Just a quick question on the three wells that you – drilled in Florida, I was wondering if you guys could detail a little bit more specificity around the timing of those wells?

Mark Pease

This is Mark. As Hal mentioned we’ve TD’d the third well and are in the process of moving the drilling rig to our – third well, sorry. So, it will be the first of the three wells you referenced. So we TD’d that first well for 2011. We are in the process of moving the drilling rig to the second well; it is a fairly lengthy process to go through the completion so on. So we expect the first well to come on production in the early second quarter.

As far as the next two wells, we think we’ll see – we had – the drilling timing on this first well was very good shorter than what we have seen out there so far, and we are certainly going to strive to, sort of, keep that same drilling timing. Could be a little bit better than that; may not be quite so good, but if you look at the timing of spudding that well in late December and then coming on early second quarter we have similar timing on the next two wells.

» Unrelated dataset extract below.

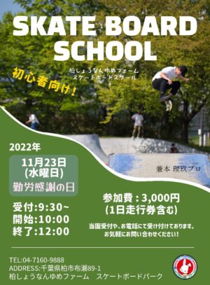 11月23日 スケートボードスクール生徒募集中
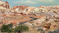 De foto toont een kronkelende weg die door een indrukwekkend woestijnlandschap van de Valley of Fire in Nevada slingert. De rotsformaties in verschillende aardetinten, variërend van diep oranje tot zacht beige, vormen een fascinerend contrast met het donkere asfalt. De grootsheid van het landschap en de eenzaamheid van de weg roepen een…

Kunal Nainani – Salient Partners

Okay. Understood. My other questions have been answered, so I will drop off for the next in queue. Thanks.

Hal Washburn

Thanks.

Mark Pease

Thanks, Kunal.

Operator

And that’s all the time we have for questions today. Mr. Washburn, I will turn the call back over to you for any closing remarks.

Hal Washburn

Thank you. On behalf of Randy, Mark, Jim, Greg and the entire BreitBurn team, I thank everyone on the call today for their participation. Operator, you may now bring this call to a close.

Operator

Thank you. And that concludes today's conference call. We thank you for your participation.